Whenever a picture appears, leave it out while repeating all the other data exactly.

- _Data_
************

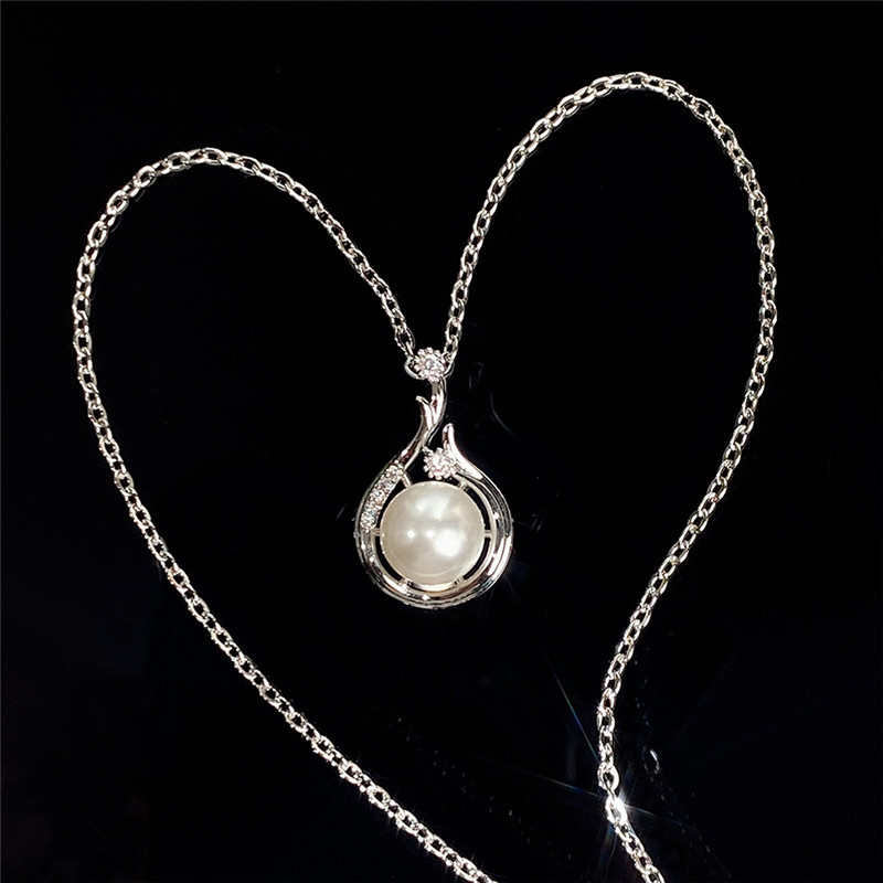 Baroque pendant popular imitation pearl simple women's necklace niche design geometric clavicle chain
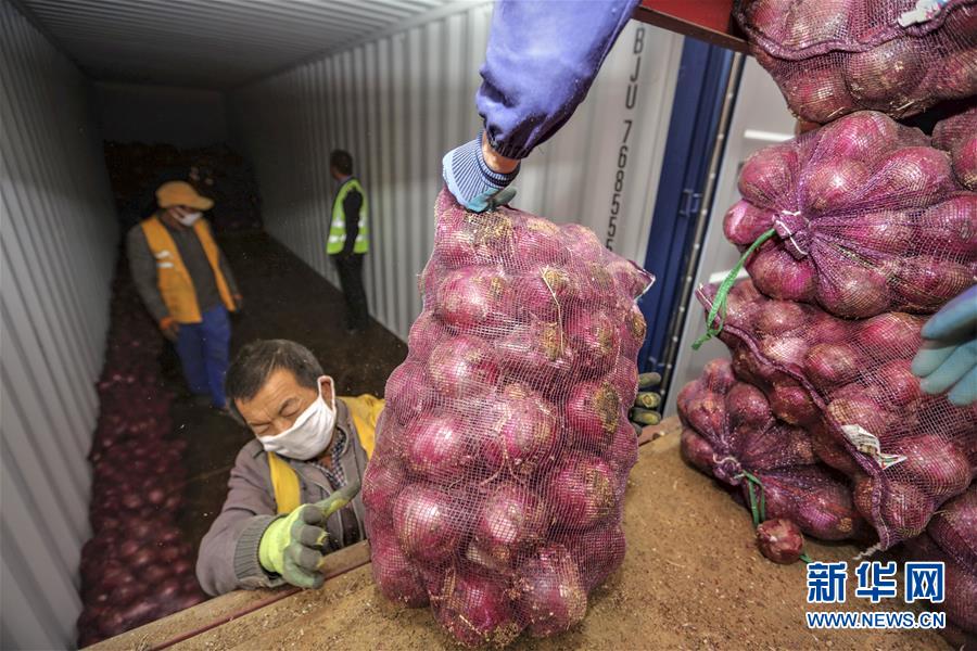 2月18日,工作人员在搬运农产品。当日22时,满载18个集装箱230吨云南绿色农产品的火车专列,从昆明市王家营西火车站出发,驶向湖北咸宁市,这是云南省支援湖北省抗击新冠肺炎疫情的捐赠农产品集装箱专列。 新华社发(杨航 摄)
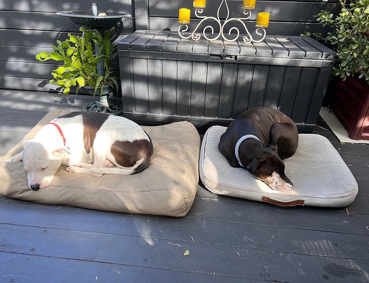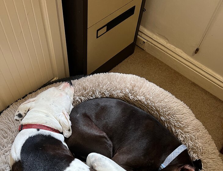 Our oldest dog is a male de-sexed American staffie (9 yrs), loves other pets when we are at the park but not sure how he'd behave with another dog inside HIS house. I don't let him off at the park as he plays roughly (like all staffies do) and I don't want him to inadvertently injure smaller dogs. He only needs about a 30 min walk in the morning but would love a 2nd one in the cool of the evening but not essential. My 2nd dog (also a de-sexed male Staffie/cross red cattle - 5 yrs old now) has working dog in him and will not run away....he knows his name and can walk off lead in a park so long as the older dog stays on lead.....and you are happy to throw a tennis ball for him...repeatedly!
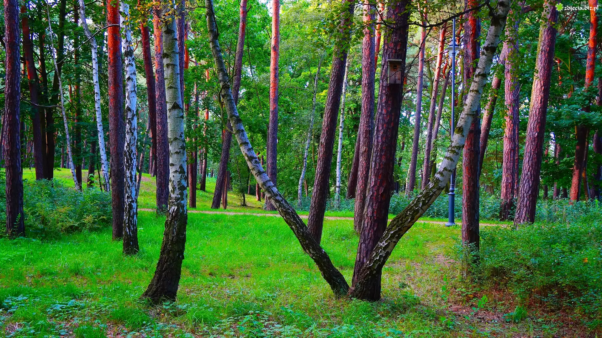 Zdjęcie Park, Drzewa, Brzozy, Zieleń, Rośliny
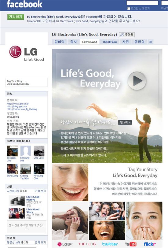 [아시아경제 김진우 기자]LG전자가 6일 '페이스북'(//www.facebook.com/theLGstory)을 오픈한다.LG전자는 페이스북을 통해 고객들과 함께 이야기를 만들어간다는 의미에서 'the LG story'로 이름 지었다.LG전자 페이스북은 기업 소개 및 관련 뉴스 등을 소개하고 브랜드·기업문화·사회적 책임활동 등 다양한 주제로 고객들과 대화하는 공간으로 활용할 예정이다. LG전자는 페이스북 내에 고객들이 스토리를 담을 수 있도록 '담벼락' 'Life's Good' '이벤트' 등 다양한 코너를 만들었다.'생활 속의 LG'를 주제로 고객들이 자유롭게 의견을 개진할 수 있도록 '담벼락' 기능을 고객들에게 개방한 것이 특징이다. 'Life's Good'이라는 LG전자만의 특화메뉴는 LG전자의 다양한 소식들과 이벤트 등을 소개하는 공간으로 활용된다. LG전자는 앞으로 이슈에 대해 토론하는 '토론', 다양한 주제의 설문조사를 하는 'Poll', 외부 필진이 연재 이야기를 싣는 'LG in Story' 등 코너를 통해 고객들이 참여하고 즐길 수 있는 공간을 늘려나갈 예정이다.LG전자는 지난해 3월 기업 블로그를 연 데 이어, 올해 2월에는 트위터를 개설했으며, 이번 '페이스북' 개통을 통해 고객과의 소통, 프로모션 창구, 콘텐트 박물관 등의 역할을 할 수 있을 것으로 기대하고 있다. LG전자는 앞으로 생활가전 페이스북도 오픈해 신제품 발표회를 생중계 하는 등 다양한 제품 마케팅의 장으로 활용한다는 계획이다.LG전자 관계자는 "페이스북은 고객과 함께 만드는 이야기를 쌓아가는 공간"이라며 "'솔직한 친구가 되자'는 좌우명을 가지고 운영해 나갈 것"이라고 말했다.한편 LG전자는 기업 블로그 방문자 100만명과 트위터 팔로워 1만명 돌파를 기념해 감사 이벤트를 벌이면서 페이스북 오픈 이벤트도 함께 진행할 예정이다.LG전자는 이벤트 주제를 '감사'로 정하고 온라인과 오프라인에서 평소 고마웠던 사람들에게 감사할 수 있는 '감사 캠페인'을 벌여나간다는 계획이다. 한편 페이스북은 전 세계 5억8000만명 이상이 사용하고 있는 세계 최대의 소셜네트워크 서비스로 국내에서만 210만명 이상이 사용하고 있다.
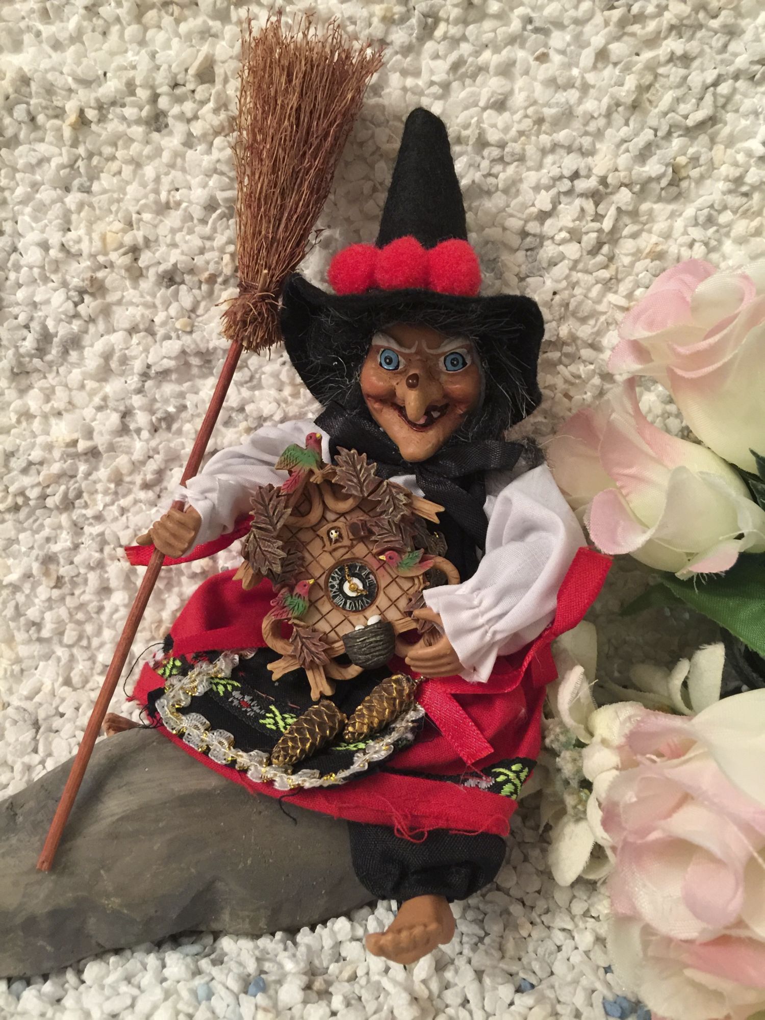 Hexle im Schwarzwaldstiel und einer handbemahlter Kuckucksuhr.

************

- _Solution for this problem_
 Baroque pendant popular imitation pearl simple women's necklace niche design geometric clavicle chain
 2月18日,工作人员在搬运农产品。当日22时,满载18个集装箱230吨云南绿色农产品的火车专列,从昆明市王家营西火车站出发,驶向湖北咸宁市,这是云南省支援湖北省抗击新冠肺炎疫情的捐赠农产品集装箱专列。 新华社发(杨航 摄)
 Our oldest dog is a male de-sexed American staffie (9 yrs), loves other pets when we are at the park but not sure how he'd behave with another dog inside HIS house. I don't let him off at the park as he plays roughly (like all staffies do) and I don't want him to inadvertently injure smaller dogs. He only needs about a 30 min walk in the morning but would love a 2nd one in the cool of the evening but not essential. My 2nd dog (also a de-sexed male Staffie/cross red cattle - 5 yrs old now) has working dog in him and will not run away....he knows his name and can walk off lead in a park so long as the older dog stays on lead.....and you are happy to throw a tennis ball for him...repeatedly!
 Zdjęcie Park, Drzewa, Brzozy, Zieleń, Rośliny
 [아시아경제 김진우 기자]LG전자가 6일 '페이스북'(//www.facebook.com/theLGstory)을 오픈한다.LG전자는 페이스북을 통해 고객들과 함께 이야기를 만들어간다는 의미에서 'the LG story'로 이름 지었다.LG전자 페이스북은 기업 소개 및 관련 뉴스 등을 소개하고 브랜드·기업문화·사회적 책임활동 등 다양한 주제로 고객들과 대화하는 공간으로 활용할 예정이다. LG전자는 페이스북 내에 고객들이 스토리를 담을 수 있도록 '담벼락' 'Life's Good' '이벤트' 등 다양한 코너를 만들었다.'생활 속의 LG'를 주제로 고객들이 자유롭게 의견을 개진할 수 있도록 '담벼락' 기능을 고객들에게 개방한 것이 특징이다. 'Life's Good'이라는 LG전자만의 특화메뉴는 LG전자의 다양한 소식들과 이벤트 등을 소개하는 공간으로 활용된다. LG전자는 앞으로 이슈에 대해 토론하는 '토론', 다양한 주제의 설문조사를 하는 'Poll', 외부 필진이 연재 이야기를 싣는 'LG in Story' 등 코너를 통해 고객들이 참여하고 즐길 수 있는 공간을 늘려나갈 예정이다.LG전자는 지난해 3월 기업 블로그를 연 데 이어, 올해 2월에는 트위터를 개설했으며, 이번 '페이스북' 개통을 통해 고객과의 소통, 프로모션 창구, 콘텐트 박물관 등의 역할을 할 수 있을 것으로 기대하고 있다. LG전자는 앞으로 생활가전 페이스북도 오픈해 신제품 발표회를 생중계 하는 등 다양한 제품 마케팅의 장으로 활용한다는 계획이다.LG전자 관계자는 "페이스북은 고객과 함께 만드는 이야기를 쌓아가는 공간"이라며 "'솔직한 친구가 되자'는 좌우명을 가지고 운영해 나갈 것"이라고 말했다.한편 LG전자는 기업 블로그 방문자 100만명과 트위터 팔로워 1만명 돌파를 기념해 감사 이벤트를 벌이면서 페이스북 오픈 이벤트도 함께 진행할 예정이다.LG전자는 이벤트 주제를 '감사'로 정하고 온라인과 오프라인에서 평소 고마웠던 사람들에게 감사할 수 있는 '감사 캠페인'을 벌여나간다는 계획이다. 한편 페이스북은 전 세계 5억8000만명 이상이 사용하고 있는 세계 최대의 소셜네트워크 서비스로 국내에서만 210만명 이상이 사용하고 있다.
 Hexle im Schwarzwaldstiel und einer handbemahlter Kuckucksuhr.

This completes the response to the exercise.